What a Suffix Array Stores

A suffix array belongs to one text and records where every suffix begins. That may sound small, yet it gives a full ordering of the text’s tail segments without copying the text into a pile of separate strings. For text length n, there are n suffixes, each beginning at a valid position. The array holds those start positions in lexicographic order, so the stored numbers carry more than location data. They capture the sorted order of every possible tail of the text.

That ordering is the whole point of the structure. Raw text presents characters in their original sequence. A suffix array presents the same text through suffix order instead of left-to-right position. You still keep the original String, and the suffix array points back into it. Nothing in the main structure duplicates the text, so the array stays fairly small while still acting as an index over the original text.

Every Suffix Starts at One Index

Let’s use banana as a short text. The first suffix starts at index 0, which gives banana. The next suffix starts at index 1, which gives anana. Move right one position at a time and you get every suffix the text can produce. For a text of length 6, there are 6 suffixes. For a text of length 1000, there are 1000 suffixes. Each valid starting position maps to one suffix, and no position is skipped.

Below, a short Java loop makes that visible:

public class SuffixView {
    public static void main(String[] args) {
        String text = "banana";

        for (int i = 0; i < text.length(); i++) {
            System.out.println(i + " -> " + text.substring(i));
        }
    }
}

That output reflects original text order rather than sorted suffix order:

0 -> banana
1 -> anana
2 -> nana
3 -> ana
4 -> na
5 -> a

Suffix arrays do not keep those suffix strings as their main stored form. They keep only the starting indexes. That choice saves space and keeps the structure tied closely to the original text.
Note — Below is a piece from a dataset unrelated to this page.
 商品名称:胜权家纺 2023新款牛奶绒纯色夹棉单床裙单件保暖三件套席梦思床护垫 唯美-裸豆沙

For banana, the sorted suffix order comes from these suffix values. a comes first, then ana, then anana, then banana, followed by na and nana. From that ordering, the suffix array becomes 5, 3, 1, 0, 4, 2. Those entries are only indexes, yet each index points to one suffix in sorted order.

Lexicographic order follows the same rule used in ordinary string comparison. Characters are checked from left to right until something differs. If one string ends while all checked characters still match, the shorter string comes first. That is why ana comes before anana. Their first three characters match, then ana ends, so it sorts earlier.
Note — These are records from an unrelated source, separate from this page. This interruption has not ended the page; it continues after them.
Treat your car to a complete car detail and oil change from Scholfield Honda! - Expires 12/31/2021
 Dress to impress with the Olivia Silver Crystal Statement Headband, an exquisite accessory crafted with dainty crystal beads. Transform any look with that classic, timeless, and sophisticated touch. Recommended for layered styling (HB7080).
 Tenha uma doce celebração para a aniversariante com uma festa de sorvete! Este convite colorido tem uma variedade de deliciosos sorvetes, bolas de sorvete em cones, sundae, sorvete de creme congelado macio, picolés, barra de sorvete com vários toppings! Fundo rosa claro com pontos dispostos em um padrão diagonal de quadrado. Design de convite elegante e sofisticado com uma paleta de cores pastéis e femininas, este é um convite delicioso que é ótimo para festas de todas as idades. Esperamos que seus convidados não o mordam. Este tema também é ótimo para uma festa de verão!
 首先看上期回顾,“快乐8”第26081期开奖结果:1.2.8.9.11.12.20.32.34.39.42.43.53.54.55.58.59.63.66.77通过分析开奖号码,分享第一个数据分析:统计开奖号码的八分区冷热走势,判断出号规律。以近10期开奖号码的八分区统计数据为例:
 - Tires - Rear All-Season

Direct Java sorting makes that stored-index idea easier to see:

import java.util.Arrays;

public class SortedSuffixIndexes {
    public static void main(String[] args) {
        String text = "banana";
        Integer[] starts = new Integer[text.length()];

        for (int i = 0; i < text.length(); i++) {
            starts[i] = i;
        }

        Arrays.sort(starts, (left, right) ->
            text.substring(left).compareTo(text.substring(right))
        );

        System.out.println(Arrays.toString(starts));
        for (int start : starts) {
            System.out.println(start + " -> " + text.substring(start));
        }
    }
}

Read that result from top to bottom:

[5, 3, 1, 0, 4, 2]
5 -> a
3 -> ana
1 -> anana
0 -> banana
4 -> na
2 -> nana

Viewed that way, the array becomes much easier to read. Entry 0 in the suffix array does not mean the suffix starting at 0. It means the first suffix in sorted order starts at 5. Entry 1 means the next suffix in sorted order starts at 3, and so on. The array stores order, not merely position.

Space cost follows directly from that choice. The text already exists as a String. The suffix array adds one integer per suffix. That puts the main stored structure at O(n) extra space, not counting the text itself. Trying to keep a separate copied string for every suffix would drive memory use much higher because the suffixes overlap so heavily. Storing positions instead of copied strings avoids that waste.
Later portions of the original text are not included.